For the store part, there’s a completely Nix-agnostic snix-castore serving Blobs (files) and Directories (=Git trees), while the actual snix-store provides only a PathInfo service on top of that, which translates Nix store paths to their content addresses.

What’s interesting about the last part is that users only need to trust the PathInfo service, because once they’ve got the content hash of a store path, they can securely substitute it from anyone that has it.
I guess the same would also apply to Gachix. While I’m not sure SHA1 hashes should be trusted for that use case, using SHA256 should theoretically be possible (IIRC).

To that point, despite the obvious similarities to Git (Merkle DAG, file storage, etc), the developers decided not to use it as their CA store mainly because of the hash function: snix/web/content/docs/components/castore/why-not-git.md at canon - snix/snix - Snix Project.

One advantage of their chosen hash function, Blake3, is that it supports verified streaming, which is helpful for scenarios where the store is mounted into a system (Virtio and FUSE are supported), but the files should only be fetched once they’re accessed.

4 Likes

I didn’t know about Attic. It’s very interesting that it deduplicates chunks of NARs. I wonder whether it this is more efficient than deduplicating blobs and trees.

If a single file is added to a package, Gachix simply creates one new blob and updates the directory tree, leaving the existing file blobs untouched. In contrast, a chunking strategy might produce new chunks not just for the new file, but also for the boundaries where the data stream shifted. This potentially creates more storage overhead and processing work than necessary?

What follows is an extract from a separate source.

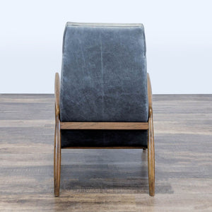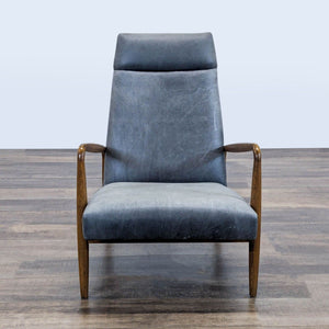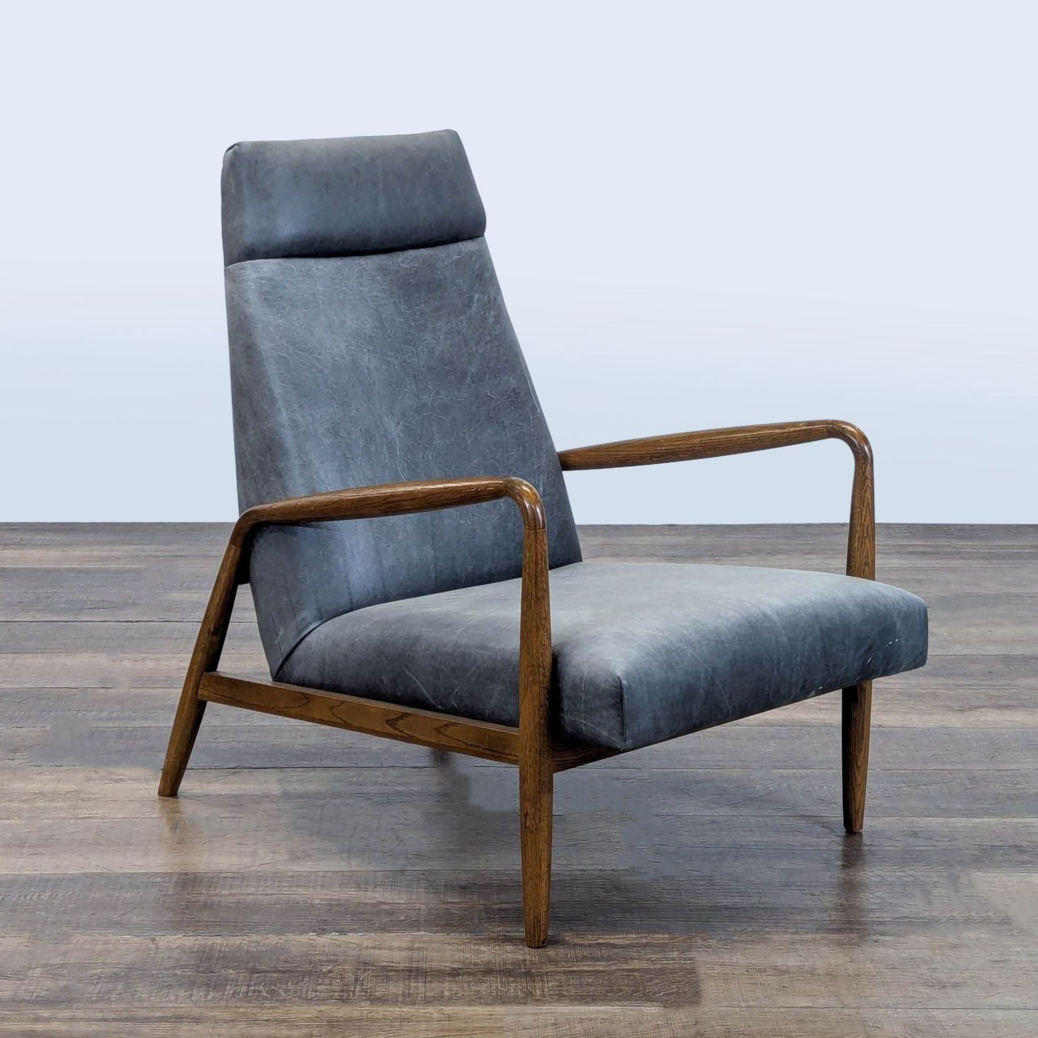 This chair has a mid-century modern design with a high back and sculpted wooden arms and legs.

On the other hand, Gachix is inefficient with small changes to large files, as it requires re-uploading the whole blob, while Attic only stores the new chunks. Implementing chunking for large files in Gachix would not only improve deduplication but also likely fix the large file latency issues mentioned in my blog post.

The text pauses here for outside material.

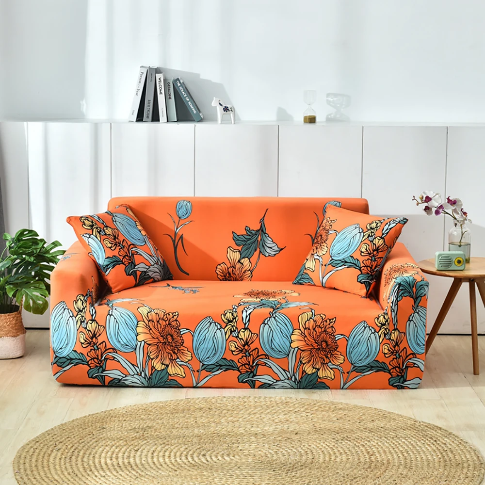 Cheap 4000229243710 Thumbedding Chrysanthem Sofa Cover Flexible Stretch Durable High End Comfortable Orange Sofa Bed Co

Short after I started working on my bachelor thesis I read about Snix and I told my supervisor that I would give up on Gachix because there already exists a Nix CA-store with Git-like features. But he told me not to do it, because he’s an avid Git enthusiast. :laughing:

I really like the modular approach of Snix, that they use BLAKE3 and standardized serialization methods. That’s a big plus. On the other hand, the main benefit of Gachix is that it builds on top of Git’s well tested framework and established synchronization protocols.

4 Likes

Attic worked pretty well for me overtop Caddy for TLS termination. My homelab has had some reliabillity issues so I got rid of Attic but I might bring it back later when I rearchitect things. Unfortuantely I don’t use Nix heavily enough (or with good enough metrics) to say how much of an effect Attic’s chunking had.

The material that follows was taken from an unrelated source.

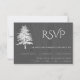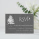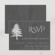 Embossed träd på grått-träkort för rustik bröllop OSA med val av måltid. Det visar en barrträd träd i präglat relief stil på grått-trälåda och "OSA" i ett dekorativt typsnitt.

In related systems, there’s also Styx, which is essentially a deduplicated binary cache, plus a custom substitution protocol to preserve the deduplication across the network while fetching, plus a “filesystem” to preserve the deduplication on local disk. Plus binary diffs and some on-demand stuff.

The backing store can be local disk or S3. The deduplication is chunk-based with file-aligned chunks. In my experiments, content-defined chunking strategies (i.e. ones that can handle “shifted” data) did not provide enough benefit to justify the complexity.

The catch is that currently it supports only its custom substitution protocol and can’t act as a standard binary cache, but that’s actually very easy to add. Let me know if you’re interested in using it that way, I can try to prioritize it.

4 Likes

@EphraimSiegfried : I am curious, was this idea inspired by the bup backup system? Here’s short description of this backup system:

Very efficient backup system based on the git packfile format, providing fast incremental saves and global deduplication (among and within files, including virtual machine images).

At first glance, this looks highly related to your strategy.

No I have not heard of bup. But thanks for sharing, It looks interesting (especially how it chunks large files). I’ll look into it in more detail.

1 Like

Regarding non-deterministic paths, does anyone know how other binary caches handle those types of packages? If there are multiple artifacts associated with the same input-addressed path, which artifact is sent to the client?